File spoon-archives/bhaskar.archive/bhaskar_2000/bhaskar.0011, message 29


Date: Wed, 8 Nov 2000 16:07:44 -0500 (EST)
From: Ruth Groff <rgroff-AT-yorku.ca>
Subject: BHA: the materialisms


Hi all,

Marsh wrote, citing Mervyn:

>> 3. Ontological materialism - asserts the unilateral dependence of social
>> upon biological being, and of biological on physical being, and the
>> emergence of the former in each case from the latter. I'd say Roy's now
>> an ontological idealist, who substitutes 'spiritual' for 'physical'.
>
>This sounds like reductionism to me. Can't one be a ontological materialist
>and simply hold that social, biological, and physical being objectively
>exist and cannot be reduced to ideas or spirit?
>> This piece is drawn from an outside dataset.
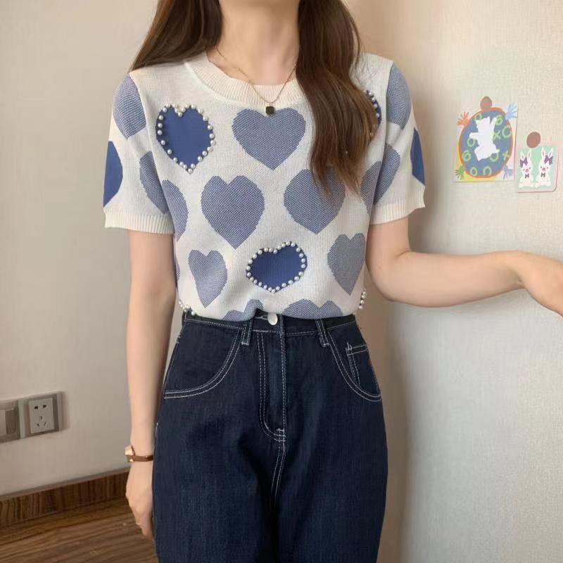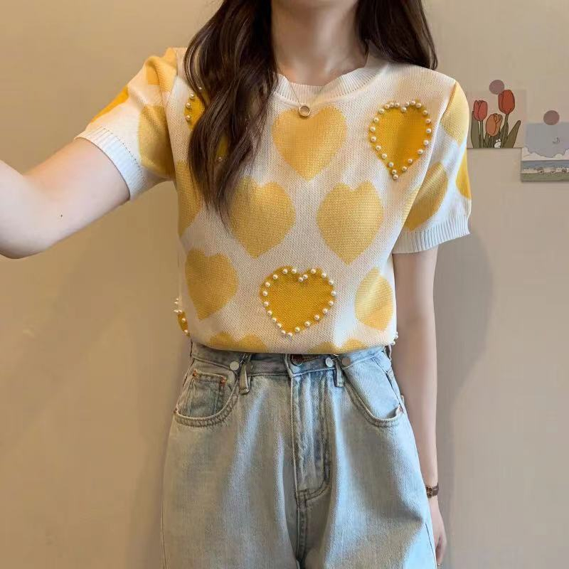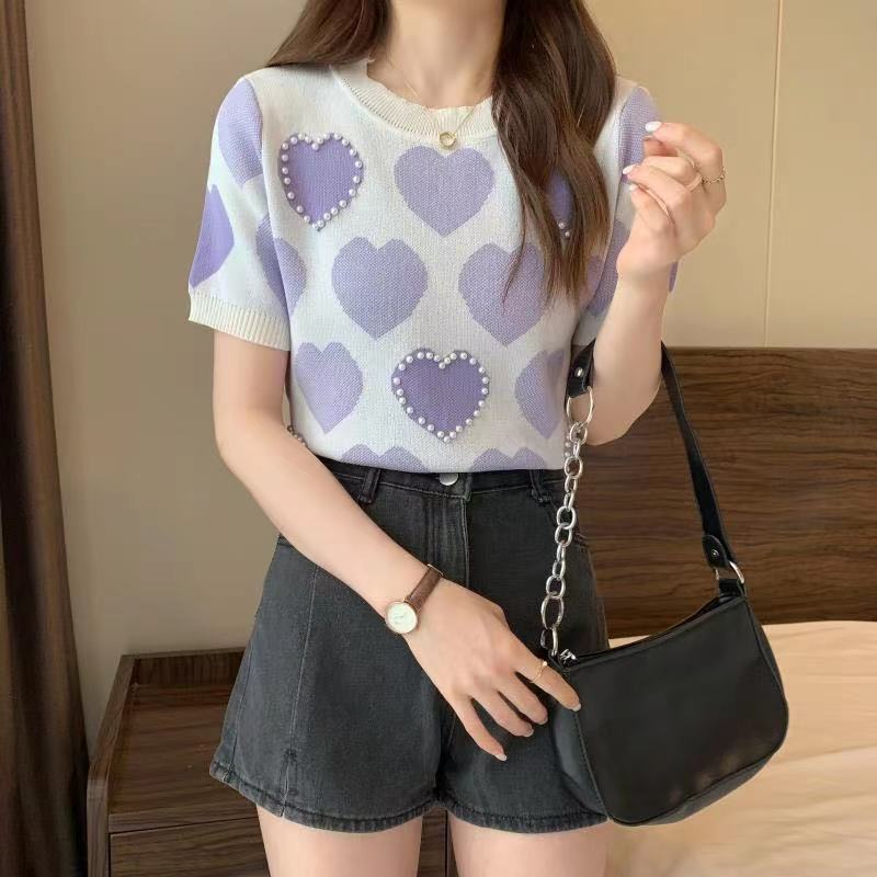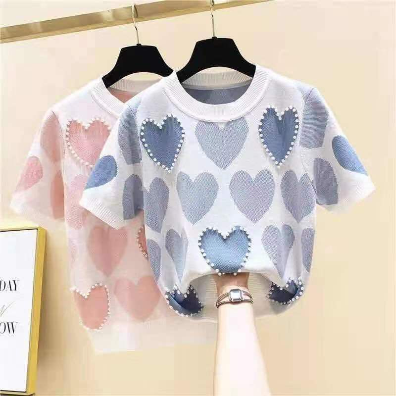 ♦️♦️💕เสื้อไหมพรม แขนสั้น คอกลมไม่ลึก ปักมุก ผ้านิ่ม ใส่สบาย51025 *

I wouldn't have thought that "dependence" implies "reduces to," necessarily.
I read it as describing the relationship of emergence in reverse.  The part
that I be careful about is the dependence of "biological" on "physical
being."  That that might be where the reductionist, or physicalist, sense is
seeping in.  So Mervyn did you formulate it that way because in your view
there is something about the concept of "biological being" that is
ontologically ambiguous with respect to materiality?